Porto Seco


A boa notícia é que Londrina terá, afinal, uma estação aduaneira, o denominado Porto Seco. Uma ação impeditiva tramitava na Justiça, mas agora ela foi retirada, por mérito de negociação intermediada pelo secretário de Indústria e Comércio do Paraná, Eduardo Sciarra. A expectativa é de que em seis meses essa aduana esteja instalada.
Natural que, pela sua importância político-econômica, Londrina precisava ter essa estação aduaneira, que é um importante instrumento de desenvolvimento regional. Trata-se de um órgão que, pela sua característica, funciona com mais agilidade e eficiência que os portos e aeroportos, devido à sua integração com a comunidade, e cria condições para a expansão das empresas instaladas e para atração de novos empreendimentos, como ressalta o secretário.
O anúncio da implantação do Porto Seco, feito em Londrina por Sciarra, em presença do prefeito Nedson Micheleti e de lideranças da comunidade regional, animou as autoridades e sobretudo a classe empresarial. Um setor que se manifestou prontamente foi o moveleiro, de Arapongas, cidade distante trinta quilômetros de Londrina e que é o segundo maior pólo produtor de móveis do País, responsável por 8% das exportações brasileiras desses produtos e que embarca mensalmente 150 contêineres pelos portos de Paranaguá e Itajaí.

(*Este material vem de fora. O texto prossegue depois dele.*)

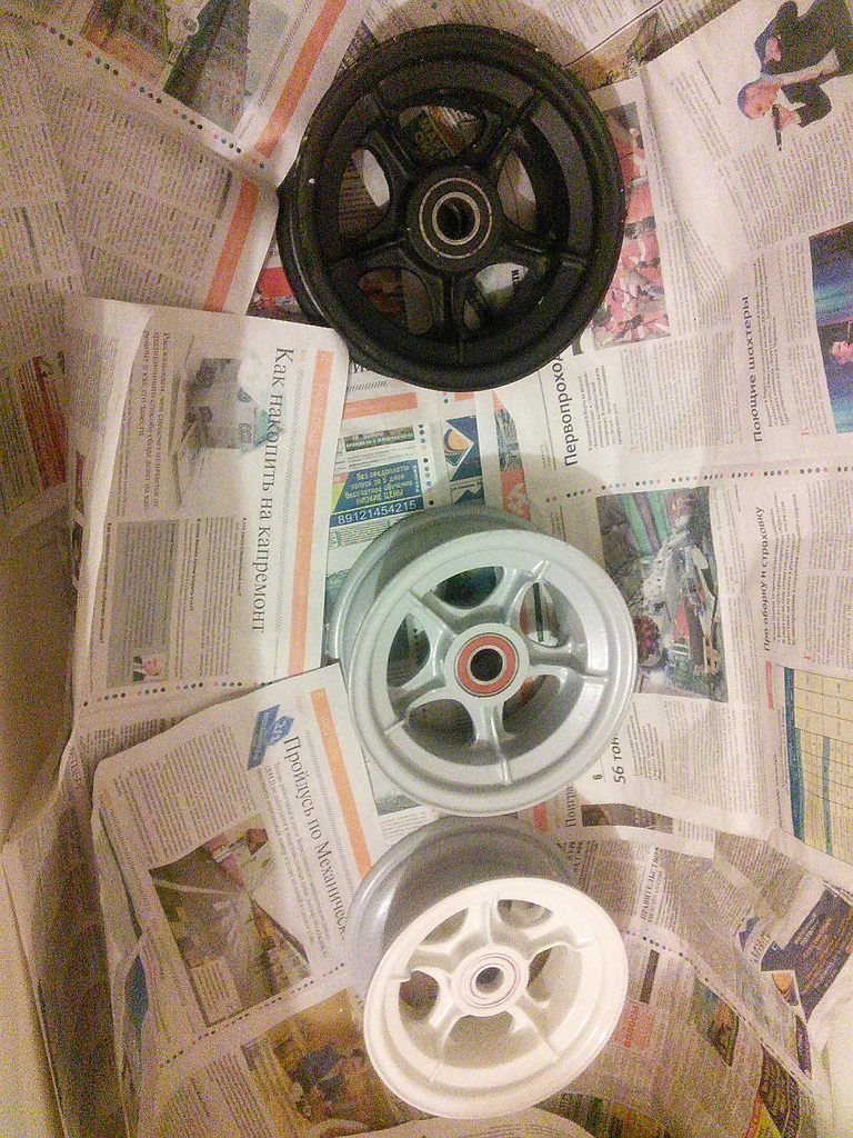 Новое шасси пришлось ковать на коленке. Диски Чернова почистил, обезжирил, покрасил в белый цвет.

Com a unidade aduaneira de Londrina, parte significativa das exportações iniciará seu processo aqui mesmo. Também as importações serão beneficiadas, pela facilidade de desembaraço. Outro grande segmento industrial exportador, o da indústria de café solúvel com seus complexos de produção em Londrina e Cornélio Procópio também será beneficiado pela presença do novo Porto Seco. São citados aqui apenas esses dois ramos de atividade porque houve manifestação imediata de seus dirigentes, após a informação trazida pelo secretário da Indústria e Comércio, porém a unidade aduaneira que se instalará em Londrina irá beneficiar todas as empresas que operam com exportação e importação.

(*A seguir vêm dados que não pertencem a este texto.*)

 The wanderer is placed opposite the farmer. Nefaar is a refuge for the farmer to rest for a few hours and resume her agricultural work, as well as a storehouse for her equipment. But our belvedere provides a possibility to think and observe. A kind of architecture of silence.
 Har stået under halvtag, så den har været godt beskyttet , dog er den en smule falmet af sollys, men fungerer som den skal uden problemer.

A presença de homens do interior no governo é fundamental quando as reivindicações regionais se manifestam, como essa da aduana. O secretário Eduardo Sciarra, londrinense, influiu decisivamente nas negociações para a retirada da ação na Justiça, que argumentava a inviabilidade de uma estação aduaneira distar apenas 100 quilômetros de outra, no caso a de Maringá, já existente. Foi importante também seu desempenho junto ao governador Jaime Lerner para viabilizar o pleito de Londrina.

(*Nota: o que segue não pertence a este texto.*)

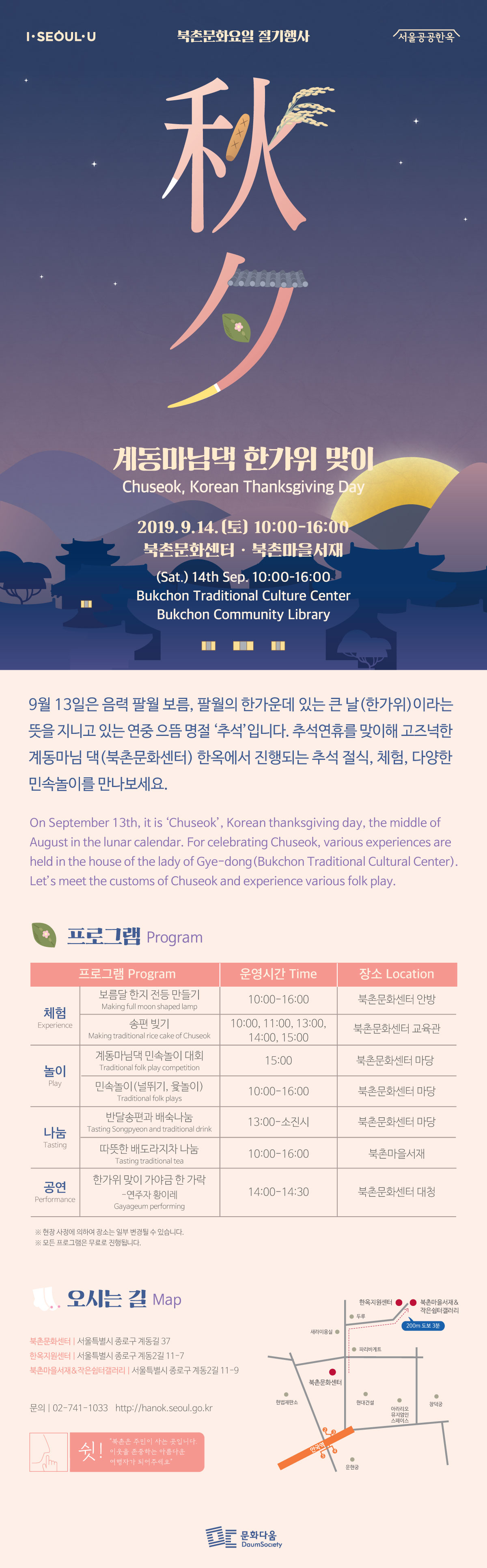추석을 맞이해 북촌문화센터에서 한가위 맞이 행사를 진행합니다.

A cidade, já detentora de respeitável infra-estrutura instalada, em quase todos os setores da atividade humana, enriquece-se ainda mais com o advento da estação aduaneira. A cada conquista, Londrina sede de região metropolitana vai consolidando sua auto-suficiência e firmando-se cada vez mais como pólo de uma vasta região que abarca um grande número de municípios circunvizinhos, não só do Paraná mas também da área fronteiriça do sul de São Paulo.